For the first sum it is quite easy. We simply recall the trigonometric series

$$ \cos x = \sum_{n = 0}^{\infty} \frac{(-1)^n x^{2n}}{(2n)!} \quad\text{and}\quad \sin x = \sum_{n = 0}^{\infty} \frac{(-1)^n x^{2n+1}}{(2n+1)!} $$

Then it is immediately clear that $S_1(x) = \frac{\sin x}{x}$. I wrote out both series because we will need it now for the second sum, and it will get annoying real quick!
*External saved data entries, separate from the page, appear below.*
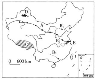 (2)A线路起点是 ,终点是 ,A工程对于长江三角洲地区有哪些积极意义?(4分)
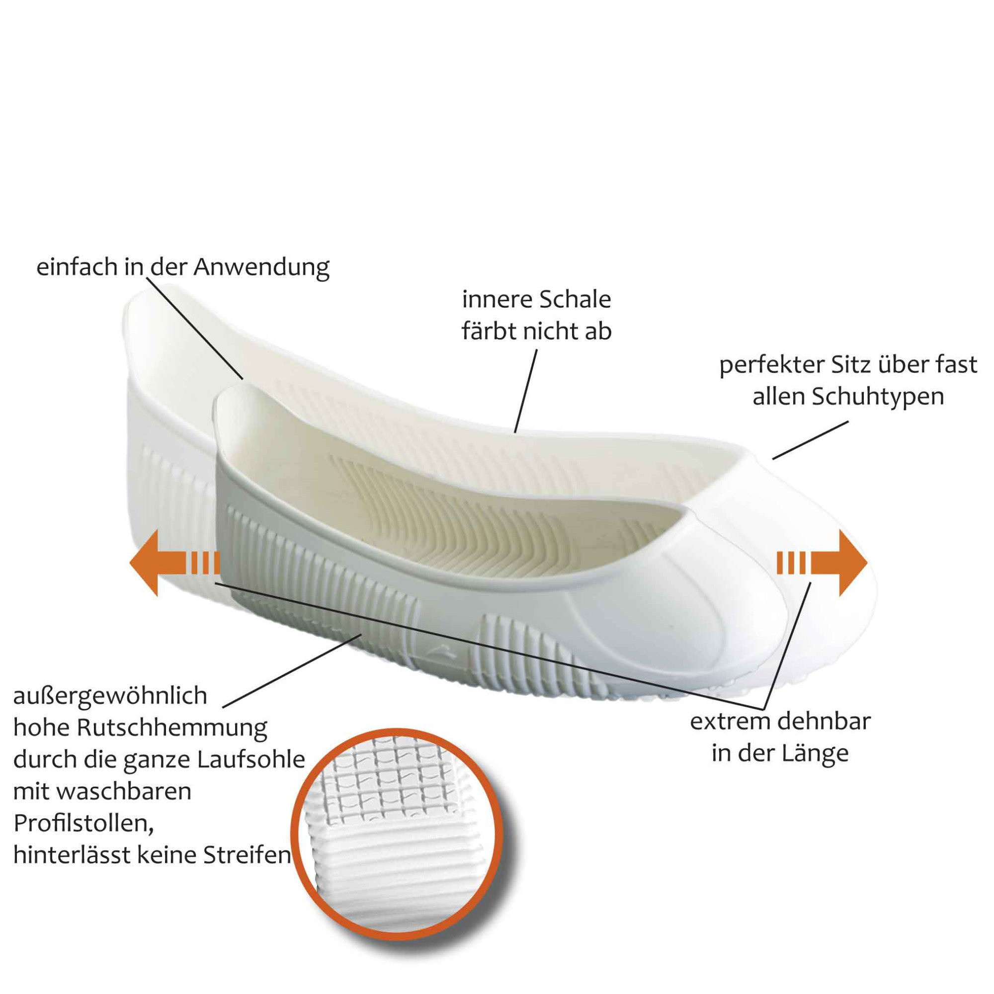 - über fast jedem Schuhtyp, hygienisch und bequem
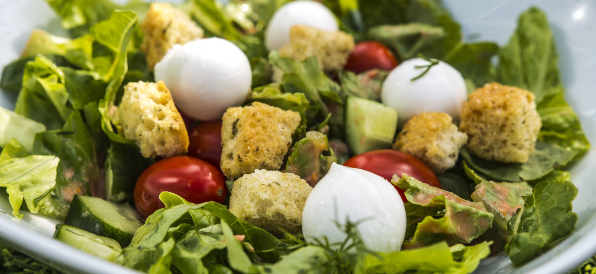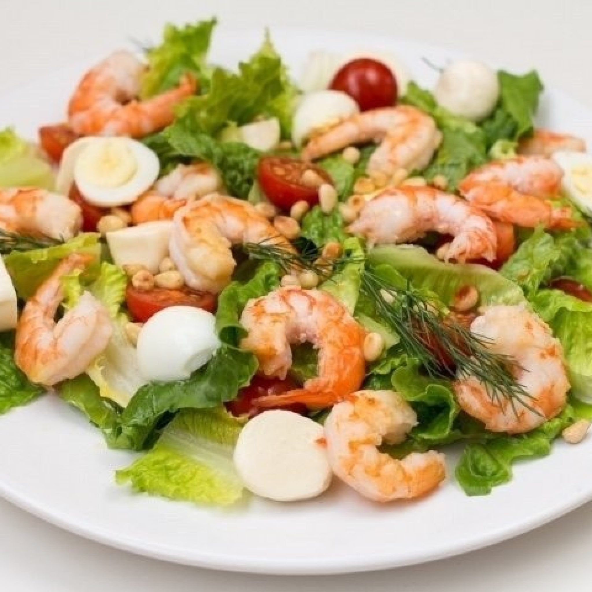 Салат с моцареллой черри и перепелиными яйцами
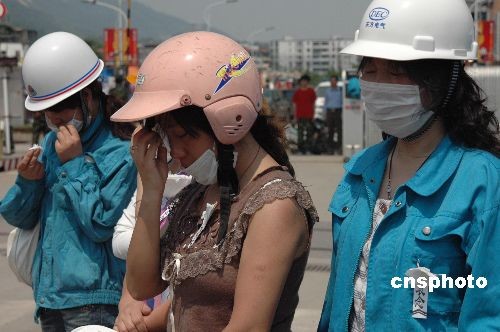 5月19日14時28分,中國全國人民為四川汶川大地震遇難者默哀3分鐘。四川綿竹漢旺鎮(zhèn)是汶川“5.12”8級大地震傷亡最慘重的地區(qū)之一。圖為東方汽輪機廠女職工在默哀會上泣不成聲。中新社發(fā) 肖龍聯 攝
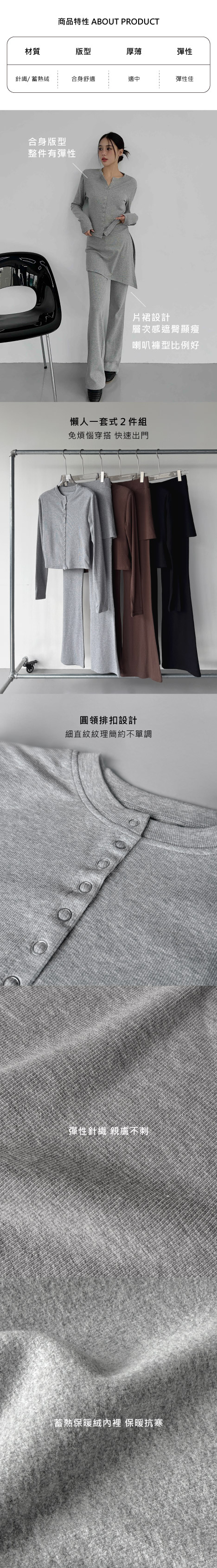 蓄熱保暖絨‧修身片裙喇叭褲套裝
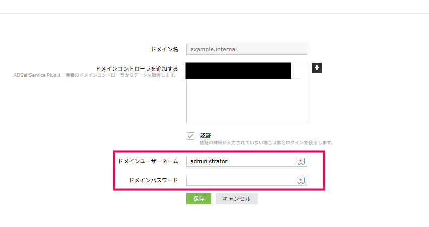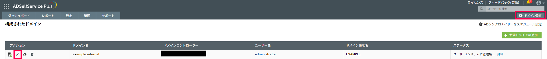 この状態ではデータは読み取りのみの状態ですので、管理機能(パスワードのリセットやアカウントロックの解除)の利用はできません。管理機能を利用するには、画面右上にある「ドメイン設定」リンクから、該当のドメインの編集アイコンをクリックして、管理者権限のあるユーザー名とパスワードを指定して保存してください。
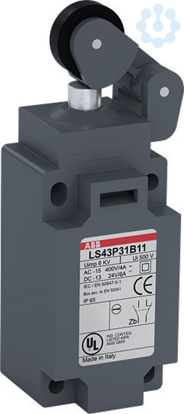 LS43P31B11 ist ein 40 mm breiter, standardmäßig verstärkter Positionsschalter aus glasfaserverstärktem UL-V0-Material in doppelter Isolierung, mit 4 Befestigungsbohrungen oben und unten, 1 Kabeleinführung nach ISO M20x1,5 unten, einem abgeflachten Rollenhebel mit Polyamid-Rolle und 1 Schließer + 1 Öffner als Sprungkontakt

The idea is to keep integrating $S_2(x)$ so that the power of $x$ increases, until the denominator "merges" with the $2n + 3$, from which we will apply some trigonometric series. Also, we can safely ignore constants since we will be taking derivatives later, though I encourage you to work them out by looking at special values.

Integrating once:

$$ \int S_2(x) dx = \sum_{n = 0}^{\infty} \frac{1}{2n + 3} \frac{(-1)^n x^{2n + 1}}{(2n + 1)!} $$

Integrating twice (this isn't really a double integral so I don't write $\iint$):

$$ \int\left(\int S_2(x) dx\right)dx = \sum_{n = 0}^{\infty} \frac{1}{2n + 3} \frac{(-1)^n x^{2n + 2}}{(2n + 2)!} = \sum_{n = 0}^{\infty} \frac{(-1)^n x^{2n + 2}}{(2n + 3)!} $$

As we can see, $\int\left(\int S_2(x) dx\right)dx$ is just a shifted version of $\frac{\sin x}{x}$. In fact by changing some variables, you just get

$$ \sum_{n = 0}^{\infty} \frac{(-1)^n x^{2n + 2}}{(2n + 3)!} = \frac{1}{x} \sum_{n = 1}^{\infty} \frac{(-1)^{n + 1} x^{2n + 1}}{(2n + 1)!} = -\frac{1}{x} \left(\sin x - x\right) = 1 - \frac{\sin x}{x} $$

Therefore, we can recover $S_2(x)$ by taking derivatives:

\begin{align*} S_2(x) &= -\frac{d}{dx} \frac{x\cos x - \sin x}{x^2} \\ &= -\frac{(\cos x - x\sin x - \cos x)x^2 - 2x(x\cos x - \sin x)}{x^4} \\ &= -\frac{-x^3\sin x - 2x^2\cos x + 2x\sin x}{x^4} \\ &= \frac{x^2\sin x + 2x\cos x - 2\sin x}{x^3} \end{align*}

Then the sum is just ading them up and rescaling according to partial fractions.

Answer 3

$$f(x)=\sum_{n=0}^{\infty}(-1)^n\frac{x^{2n}}{(2n+3)(2n+1)!}$$ $$x^3f(x)=\sum_{n=0}^{\infty}(-1)^n\frac{x^{2n+3}}{(2n+3)(2n+1)!}$$ $$\big[x^3f(x)\big]'=\sum_{n=0}^{\infty}(-1)^n\frac{x^{2n+2}}{(2n+1)!}=x\sum_{n=0}^{\infty}(-1)^n\frac{x^{2n+1}}{(2n+1)!}=x \sin(x)$$ $$x^3f(x)=\int x\sin(x)\,dx=\sin (x)-x \cos (x)$$ $$f(x)=\frac{\sin (x)-x \cos (x) }{x^3}$$